Esophageal cancer (EC) is the sixth leading cause for cancer mortality worldwide (1). Most locally advanced ECs are treated with chemo-radiotherapy (CRT) followed by surgery (2). Despite advances in treatments the prognosis of EC remains poor, with an approximate 5-year survival rate of 15–25% for locally advanced EC (3). The inter-individual difference in response and control rates to CRT has been attributed to heterogeneity in tumor biology (4). Studies have shown that circulating lymphocyte depletion is a prognostic factor for inferior overall survival in various solid malignancies. The lymphocytes found in the blood stream are the cells that become resident lymphocytes and hence safeguarding this lymphocyte pool or avenues to increase the circulating lymphocytes pool are potential ways to improve clinical outcomes in EC by increasing immunogenic cell death. Multiple small studies have been conducted in recent years that have tried to assess impact of radiotherapy on lymphocyte counts and further the impact of severe lymphopenia on survival outcomes in EC (5). Esophagus being a serial organ, radiotherapy in different parts of esophagus is expected to result in grossly different doses to heart, lung, spleen, and spine which in turn will have an impact on total dose to immune cells (6). This in turn is expected to cause different rates of lymphopenia based on extent and location of esophageal disease. To better understand the impact of radiation associated lymphopenia in EC, we undertook this systematic review and pooled analysis of clinical studies that have reported radiation related lymphopenia in EC. We present this article in accordance with the PRISMA reporting checklist (available at https://aoe.amegroups.com/article/view/10.21037/aoe-22-15/rc).


Methods

Data search

The main three databases PubMed, Cochrane Central, and EMBASE databases were searched with key MeSH terms—radiation; cancer; lymphopenia, Esophagus, and survival. The search methodology with search terms is provided in the Appendix 1. The search duration was from the start of each database till September 6, 2020. We did not use language filter and BPV and RU did the search independently with any conflicts were resolved by mutual discussion. There was no attempt made to reach the authors of the articles for any unpublished data and no automation tools were employed to assist in the systematic review process. The systematic review was performed in accordance with the PRISMA guidelines, and the quality of studies was assessed by Newcastle Ottawa scale.

Eligibility criteria for articles

Any secondary analysis of randomized clinical trials, prospective cohort studies, retrospective cohort studies with radiation used with definitive intent with details on cancer specific outcomes should have been reported.
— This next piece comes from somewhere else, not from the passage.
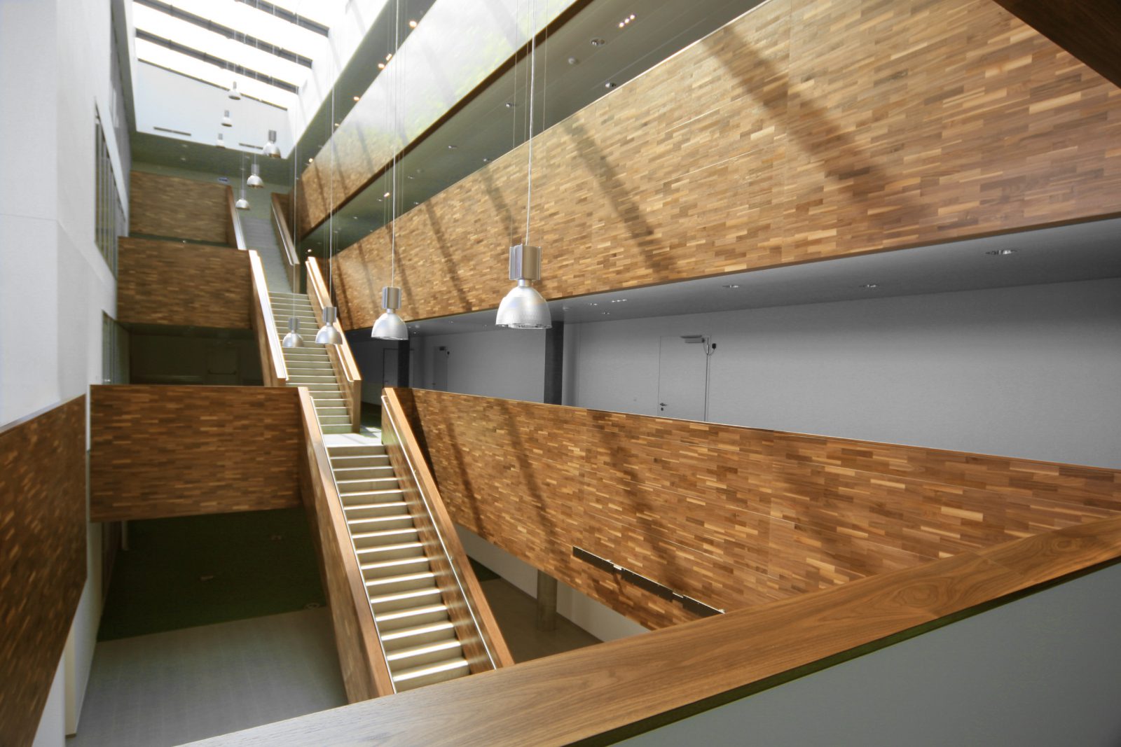 The new training building unites the training facilities of all departments of the Austrian Airlines Group under one roof. At the heart of the building is an atrium with communal and circulation areas as a communicative center. The materials used and the atmosphere are intended to give AAG’s well-traveled personnel a feeling of coming home. The combination office areas are arranged around the atrium in the northern part of the building, and the training rooms in the southern part. The urban planning solution envisages the creation of a formative identity-forming campus, which can also be used as an open-air area for the café. The façade makes reference to flying as an abstracted sky, and the design of the outdoor space and atrium was inspired by landscape patterns as seen in aerial photographs.

Studies with preclinical data, patients undergoing chemotherapy alone, surgery alone, immunotherapy alone were excluded.

Article review

The search was done in accordance with the PRISMA guidelines and the PRISMA flow diagram has been shown in the Figure 1. The articles from the database search were screened and based on the inclusion criteria listed above. The articles found to be relevant to the topic of interest were shortlisted. The full-length paper of the shortlisted articles was assessed for the eligibility criteria. Two reviewers independently extracted the data in a data extraction form.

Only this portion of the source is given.